As few as 3 average typists can match the performance of an expert stenographer when their partial captions are merged by Scribe's alignment algorithm. The system achieves a target latency of less than 5 seconds, which is comparable to or better than professional captioning. The cost is dramatically lower — 20-30% of hiring an expert stenographer. Non-expert captionists can be recruited on-demand without advance scheduling, enabling access to captioning for previously uncovered scenarios such as impromptu meetings, casual conversations, and last-minute events.
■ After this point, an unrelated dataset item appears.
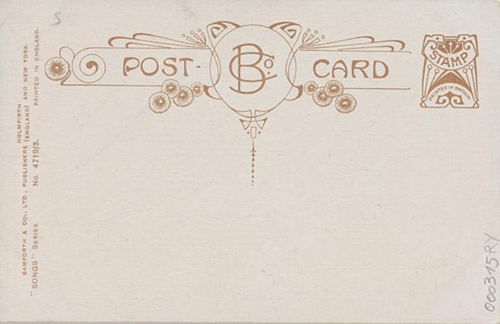 Illustrierte Postkarte; Grafik, polychrom; Songs Series Nr. 4719/3 Rückseite: Szene mit vier Büromitarbeitern, darunter Liedtext in Versform Vorderseite nicht beschrieben

The interface design choices — word locking, saliency-based audio cues, and point-based rewards — effectively encourage workers to type quickly and cover different portions of the audio stream.

Relevance

This ASSETS 2013 paper is the initial conference presentation of the Legion Scribe system, which was later expanded into a full journal article in Communications of the ACM (2017). It represents a foundational contribution to accessible real-time communication, demonstrating that the combination of multiple non-expert humans can substitute for a scarce, expensive expert resource. For accessibility practitioners, the key insight is that on-demand captioning does not require waiting for perfect ASR — human computation can bridge the gap today. The inclusion of Raja Kushalnagar from Rochester Institute of Technology (which houses the National Technical Institute for the Deaf) ensures the work is grounded in real DHH community needs. The system model — decomposing a task too difficult for one non-expert into overlapping subtasks, then algorithmically recombining results — has broad applicability to other accessibility challenges requiring real-time human intelligence.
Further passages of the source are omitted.